Robideaux sought to avoid a ‘public spectacle’ in selecting an old federal courthouse developer

▸ The gist: Last week, The Advocate broke the news that Mayor Joel Robideaux chose a team led by developer Jim Poche to redevelop the long-vacant old federal courthouse Downtown. Robideaux’s choice and the decision to forego a public process raised some eyebrows, but other applicants and stakeholders say there was nothing unseemly about the decision.

▸ Some background: Five teams applied for the project, responding to the city’s Request for Qualifications in April. Given the public fanfare around the RFQ process and the significance of actual movement on a stubborn issue, it was somewhat surprising to see a decision made behind closed doors and without announcement. Further muddying the affair is the mayor’s friendship with E.J. Krampe, one of Poche’s partners on the project.

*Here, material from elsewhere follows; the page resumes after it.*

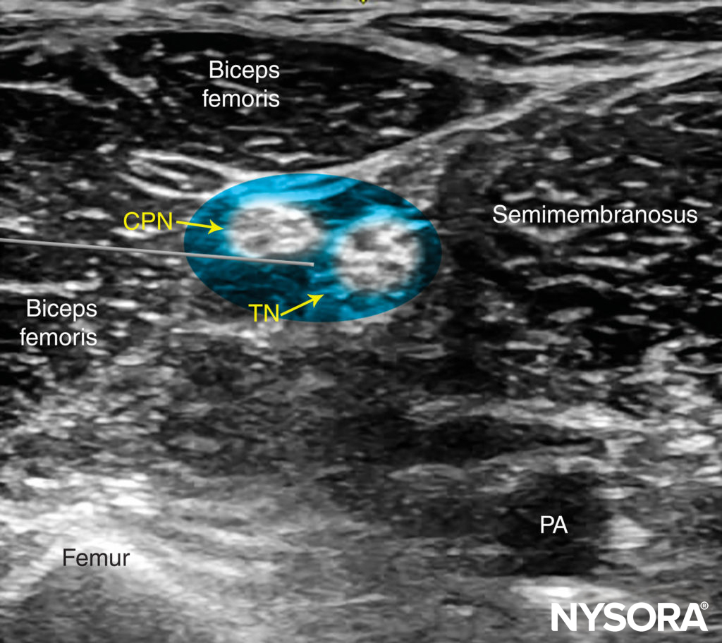 From the Regional Anesthesia Manual: Reverse Ultrasound Anatomy for a popliteal sciatic nerve block with needle insertion in-plane and out-of-plane and local anesthetic spread (blue). TN, tibial nerve; CPN, common peroneal nerve; PV, popliteal vein; PA, popliteal artery; SmM, semimembranosus muscle; BFM, biceps femoris muscle.

Robideaux told The Advocate that Poche’s winning team — called Place de Lafayette — checked the right boxes: it intends to build market-rate housing and do so without financial help from the city. Some do question whether the right project can be delivered at Poche’s estimated cost of $15 million.

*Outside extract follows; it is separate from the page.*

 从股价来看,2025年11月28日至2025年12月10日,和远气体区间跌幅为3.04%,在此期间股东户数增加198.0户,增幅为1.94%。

▸ Going public: The administration was very cautious to avoid triggering a public process. For instance, Downtown Development Authority CEO Geoff Dyer was nearly excluded from from an internal LCG panel that interviewed the applicants, out of concern that involving an agency not directly housed within LCG would constitute a public meeting. As Robideaux notes in The Advocate’s report, he preferred not to make a “public spectacle” out of the decision.

“He’s going through a process that’s transparent where it needs to be,” Dyer says. Robideaux has the authority to make the selection unilaterally, and parties involved say he made a good choice for the right reasons. Dyer points out that the old federal courthouse project itself is particularly difficult to navigate and has vexed leaders in the past.

Dyer says Poche’s application showed knowledge of the on-the-ground issues facing the project, namely the need to develop market-rate housing Downtown to set a basis for pricing other projects and to do so with a simplified process that can cut through historically complicated politics around the site.